Jest ciemno. Bardzo ciemno. Cisza. Całkowita cisza. Nie ma żadnych odgłosów, nie słyszę nawet bicia własnego serca. Nie mam w głowie żadnych myśli. I nagle dociera do mnie, że mam zamknięte oczy. Otwieram je. Stoję na dachu. Na skraju siedzi jakaś dziewczyna.
-Hej- mówię i siadam obok niej. Nie wiem dlaczego, ale przytulam ją do siebie.
-Hej- odpowiada i się uśmiecha. W jej oczach widzę siebie i odbijające się gwiazdy.
-Uśmiechaj się częściej, dobra? Pasuje ci uśmiech- mówię.
Dziewczyna uśmiecha się jeszcze szerzej a potem obydwoje się śmiejemy. Gdy śmiech ustaje, całuję ją. Całujemy się przez jakiś czas. Nagle sen się zmienia. Dziewczyna trzyma się mojej dłoni. Stoję na skraju dachu.
-Nie!- Wrzeszczę. Nie chcę jej puszczać ale to robię. A gdy już to zrobiłem chcę się odwrócić, nie chcę patrzeć jak jej piękne ciało roztrzaskuje się na milion kawałków. Ale nie mogę. A ona spada, spada, spada. Wydaje się być tuż przy mnie, wystarczy wyciągnąć rękę by ją dotknąć, ale gdy to robię, nie mogę jej jednak dosięgnąć.  Wrzeszczę i zamykam oczy.


Gdy ponownie otwieram oczy, leżę w szpitalu. Mam jeszcze trochę zamazany wzrok. Z tego co widzę pochyla się nade mną jakaś postać. Tess? Tess!
-Tess?- Spytam i próbuję podnieść moją głowę która nagle waży pół tony.
-O, cześć- mówi. Nie, to nie Tess.- Jestem Claudia.
Gdy świat wokół przestaje wirować dociera do mnie, że Claudia wygląda inaczej niż Tess.
-Co się stało?- Pytam.
-Jesteś szczęściarzem, Daniel. Masz tylko złamaną rękę i pęknięte parę żeber. No i się trochę przypiekłeś. Kilka zadrapań i paskudnych siniaków. Nie jest źle. Naprawdę, wyglądasz bosko w porównaniu z Willow- Claudia kręci głową.
-Co z Willow?- Pytam.
-Źle. Tragicznie. Nie umiera, ale jest tragicznie. Całkiem połamane żebra, pęknięcie czaszki, możliwy wstrząs mózgu. Jest w śpiączce. Ma poparzone dłonie ale chyba obejdzie się bez amputacji. Obecnie jest na sali operacyjnej bo ma krwotok wewnętrzny. Prawdopodobnie zostanie sparaliżowana.

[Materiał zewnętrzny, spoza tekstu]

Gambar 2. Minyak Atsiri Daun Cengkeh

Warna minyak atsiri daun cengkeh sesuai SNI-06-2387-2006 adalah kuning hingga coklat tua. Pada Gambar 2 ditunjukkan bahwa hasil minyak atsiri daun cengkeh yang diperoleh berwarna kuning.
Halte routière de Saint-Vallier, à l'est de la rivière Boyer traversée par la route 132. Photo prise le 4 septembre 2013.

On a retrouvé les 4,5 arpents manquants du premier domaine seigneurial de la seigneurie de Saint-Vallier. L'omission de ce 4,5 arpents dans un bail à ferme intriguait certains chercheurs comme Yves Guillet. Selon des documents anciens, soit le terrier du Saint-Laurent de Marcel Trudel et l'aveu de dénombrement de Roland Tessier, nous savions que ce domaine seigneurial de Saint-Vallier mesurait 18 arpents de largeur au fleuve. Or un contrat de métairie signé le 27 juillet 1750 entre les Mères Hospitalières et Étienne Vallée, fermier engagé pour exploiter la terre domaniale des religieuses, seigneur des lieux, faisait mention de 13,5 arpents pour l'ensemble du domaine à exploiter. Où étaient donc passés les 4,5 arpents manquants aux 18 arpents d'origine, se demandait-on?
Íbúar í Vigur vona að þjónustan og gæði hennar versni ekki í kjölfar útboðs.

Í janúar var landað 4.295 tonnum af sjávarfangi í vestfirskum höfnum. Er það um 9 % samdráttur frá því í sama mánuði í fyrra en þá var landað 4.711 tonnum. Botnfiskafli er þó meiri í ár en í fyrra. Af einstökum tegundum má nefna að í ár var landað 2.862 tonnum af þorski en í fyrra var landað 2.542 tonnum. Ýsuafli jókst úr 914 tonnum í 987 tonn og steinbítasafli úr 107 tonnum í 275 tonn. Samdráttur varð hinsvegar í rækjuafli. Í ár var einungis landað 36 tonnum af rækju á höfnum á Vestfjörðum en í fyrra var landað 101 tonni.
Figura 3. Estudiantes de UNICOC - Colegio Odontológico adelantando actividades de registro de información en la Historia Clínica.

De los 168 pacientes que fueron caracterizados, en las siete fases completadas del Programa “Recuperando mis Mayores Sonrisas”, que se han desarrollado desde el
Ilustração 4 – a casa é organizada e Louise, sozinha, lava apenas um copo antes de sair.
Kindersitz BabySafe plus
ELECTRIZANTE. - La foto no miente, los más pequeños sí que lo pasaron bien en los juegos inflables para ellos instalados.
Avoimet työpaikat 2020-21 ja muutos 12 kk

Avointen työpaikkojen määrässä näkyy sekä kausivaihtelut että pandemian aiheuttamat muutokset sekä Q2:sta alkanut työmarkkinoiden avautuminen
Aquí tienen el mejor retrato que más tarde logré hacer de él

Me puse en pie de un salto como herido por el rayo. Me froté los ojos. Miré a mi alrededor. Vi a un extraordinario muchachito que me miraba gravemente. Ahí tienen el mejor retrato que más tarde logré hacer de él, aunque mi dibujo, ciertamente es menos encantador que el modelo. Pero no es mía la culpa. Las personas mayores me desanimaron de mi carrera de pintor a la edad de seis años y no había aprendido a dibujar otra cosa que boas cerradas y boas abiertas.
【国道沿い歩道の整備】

Nie wiem co powiedzieć. Willow... Willow zawsze się śmiała. Nigdy nie widziałem by kiedykolwiek była smutna, chyba, że podczas oglądania jakiegoś filmu albo czytaniu książki. Czasem zachowywała się jak mała dziewczynka. Zdarzało jej się chodzić w podskokach. Była pełną życia osobą. Nie potrafię sobie wyobrazić jej na sali operacyjnej w tak tragicznym stanie. Więc pytam:
-Jak długo tu jestem?
-Tydzień. Pierwsze dwa dni były najgorsze potem twój stan się ustabilizował. Twój brat i jakaś dziewczyna próbowali cię odwiedzić. Zaraz do niego zadzwonię.

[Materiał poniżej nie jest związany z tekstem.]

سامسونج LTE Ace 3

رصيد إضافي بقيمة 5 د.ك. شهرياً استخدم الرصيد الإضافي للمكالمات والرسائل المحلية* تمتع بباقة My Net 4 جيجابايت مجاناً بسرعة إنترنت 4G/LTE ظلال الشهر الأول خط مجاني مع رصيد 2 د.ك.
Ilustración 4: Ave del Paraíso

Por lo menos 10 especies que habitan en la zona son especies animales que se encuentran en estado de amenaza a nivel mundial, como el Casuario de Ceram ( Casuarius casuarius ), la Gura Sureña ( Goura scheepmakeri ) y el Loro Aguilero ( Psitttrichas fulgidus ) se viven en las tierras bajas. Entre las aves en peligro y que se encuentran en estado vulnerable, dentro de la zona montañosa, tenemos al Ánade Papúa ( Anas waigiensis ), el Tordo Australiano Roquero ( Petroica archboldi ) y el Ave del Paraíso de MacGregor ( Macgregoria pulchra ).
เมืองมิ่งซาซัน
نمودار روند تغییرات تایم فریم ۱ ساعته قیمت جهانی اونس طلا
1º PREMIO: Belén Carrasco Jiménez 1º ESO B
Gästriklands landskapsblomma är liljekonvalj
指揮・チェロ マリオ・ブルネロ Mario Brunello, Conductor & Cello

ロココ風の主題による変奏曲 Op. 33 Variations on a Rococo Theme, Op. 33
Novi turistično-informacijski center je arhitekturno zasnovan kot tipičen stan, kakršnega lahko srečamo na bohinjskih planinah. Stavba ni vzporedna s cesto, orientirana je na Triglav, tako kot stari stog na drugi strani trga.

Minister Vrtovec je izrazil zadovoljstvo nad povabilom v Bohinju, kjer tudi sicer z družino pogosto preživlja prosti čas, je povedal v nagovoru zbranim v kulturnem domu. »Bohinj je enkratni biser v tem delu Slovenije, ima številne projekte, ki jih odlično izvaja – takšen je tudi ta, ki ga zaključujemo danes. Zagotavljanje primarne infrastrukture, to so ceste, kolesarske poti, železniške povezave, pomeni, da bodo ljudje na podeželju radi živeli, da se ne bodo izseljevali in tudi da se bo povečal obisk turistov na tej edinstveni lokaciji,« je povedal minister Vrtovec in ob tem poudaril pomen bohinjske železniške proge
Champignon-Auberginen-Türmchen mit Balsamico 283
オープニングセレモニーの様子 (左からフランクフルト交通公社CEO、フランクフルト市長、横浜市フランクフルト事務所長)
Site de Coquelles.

Claudia wyszła a ja zamknąłem oczy. Tydzień? Kto chciał mnie odwiedzić? Alice? Anastasia? Elizabeth? Tess...?
***
-NIENAWIDZĘ gdy jesteś w szpitalu!- Krzyknął Eden na przywitanie. Za nim do pokoju weszła... Tess!

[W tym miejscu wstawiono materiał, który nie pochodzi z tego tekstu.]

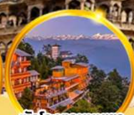
พักโรงแรมบนเขา ชมวิวหิมาลัยสุดฟิน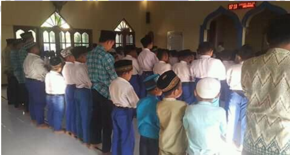
Foto kegiatan sholat dhuha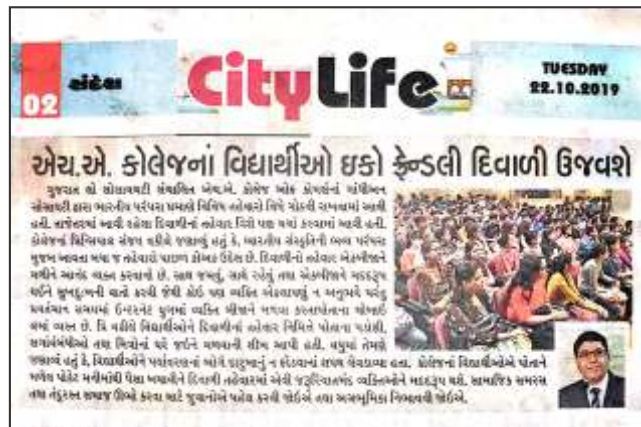
Eco Friendly Diwali Awareness Programme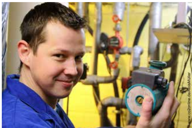
Hocheffizienzpumpen sowie der hydraulische Abgleich werden aktuell über das Zuschuss-Programm „Heizungsoptimierung“ der BAFA gefördert. Fragen Sie im Vorfeld Ihren KLiBA-Berater.

Nutzen Sie die kostenfreie Serviceleistung Ihrer Kommune!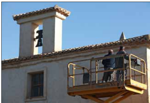
Treballs de manteniment de la coberta de l'ermita de Sant Antoni, i instal·lació d'una xapa metàl·lica amb silueta de campana.

També s'ha autoritzat per part de la Direcció General de Cultura el canvi de centre depositari de materials arqueològics de l'actuació de 2014 al jaciment del Mas d'Alfafar (Muro de Alcoi), inicialment assignats els materials al Museu Arqueològic Provincial d'Alacant (MARQ), que passen a depositar-se al Museu d'Alcoi per resolució de 20 de gener de 2015.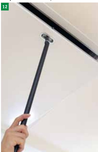
12 Vstavite kljuko odpiralne palice v zanko na vratih stopnic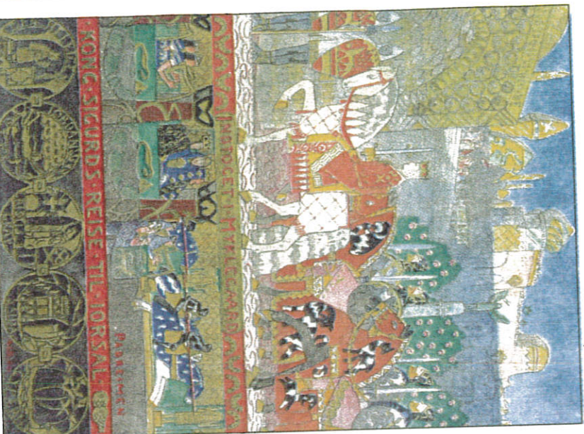
NORRØNT: Muntthe henter inspirasjon fra det norrønte til sine dekorative arbeider. Her hans «Sigurd Jorsalfar. Inntoget i Myklegård» fra 1899.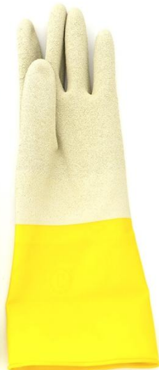
GUANTE CORRUGADO (12) (144)

T7 7707229240479 T8 7707229240486 T9 7707229240509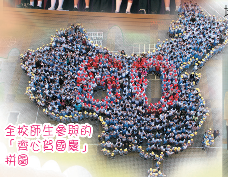
全校師生參與的「齊心賀國慶」拼圖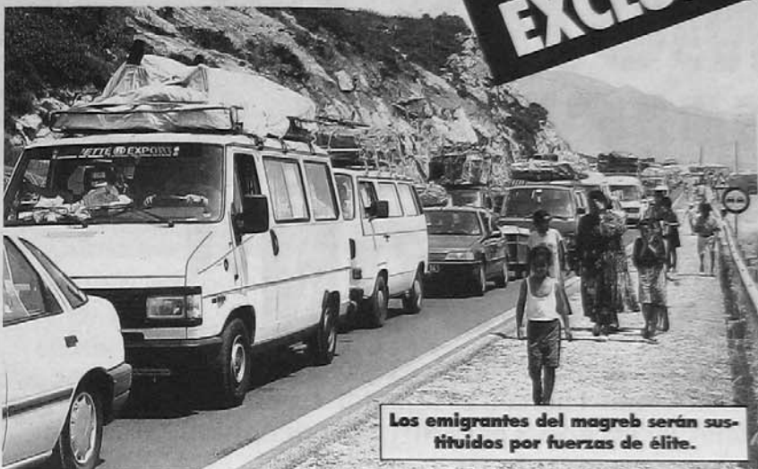
Los emigrantes del magreb serán sustituidos por fuerzas de élite.

La "Operación Boabdil", en clara referencia al último rey árabe de Granada en la Edad Media, prevé apoderarse de los pasaportes de todos los súbditos árabes que tienen permiso de trabajo y residencia en algún país europeo y entregárselos a fuerzas de élite del ejército de su país. Así, pasarán a la vuelta de las vacaciones más de un millón de militares que se concentrarán en diferentes puntos de Andalucía para recoger armamento ligero y semipesado que habrían ido llevando allí las mismas redes mafiosas que desde

-Fajnie was widzieć- mówię i uśmiecham się od ucha do ucha. Czochram Edenowi włosy i przytulam Tess. - Słyszałem, że chcieliście mnie odwiedzić już wcześniej.
-Ja dopiero godzinę temu przyleciałam- powiedziała Tess siadając na krześle obok mojego łóżka.
Unoszę brew. Dobra. Nieważne.
-Jak ci się żyje beze mnie w Republice?- Pytam.
-Jest całkiem fajnie. Jestem w szkole medycznej i mam praktyki w szpitalu wojskowym.
-Wojsko, tak?
-Mhm. Moja przyjaciółka, June, jest agentem a średnio ufa obcym lekarzom więc robię to głównie dla niej.
-Republika ma wysokie wymagania. Kimkolwiek jest June musi być naprawdę dobra.
-Jest najlepsza. A co u ciebie?
-Tak jak widzisz. Trochę boli ale ogólnie to chyba jestem tu szczęśliwy.
Tess uśmiecha się i razem z Edenem wymieniają się spojrzeniami. Czy oni...?
-Hej, a może pójdziecie gdzieś dzisiaj?- Pytam.
Eden wygląda jakby miał zaprotestować ale Tess posyła mu ostre spojrzenie.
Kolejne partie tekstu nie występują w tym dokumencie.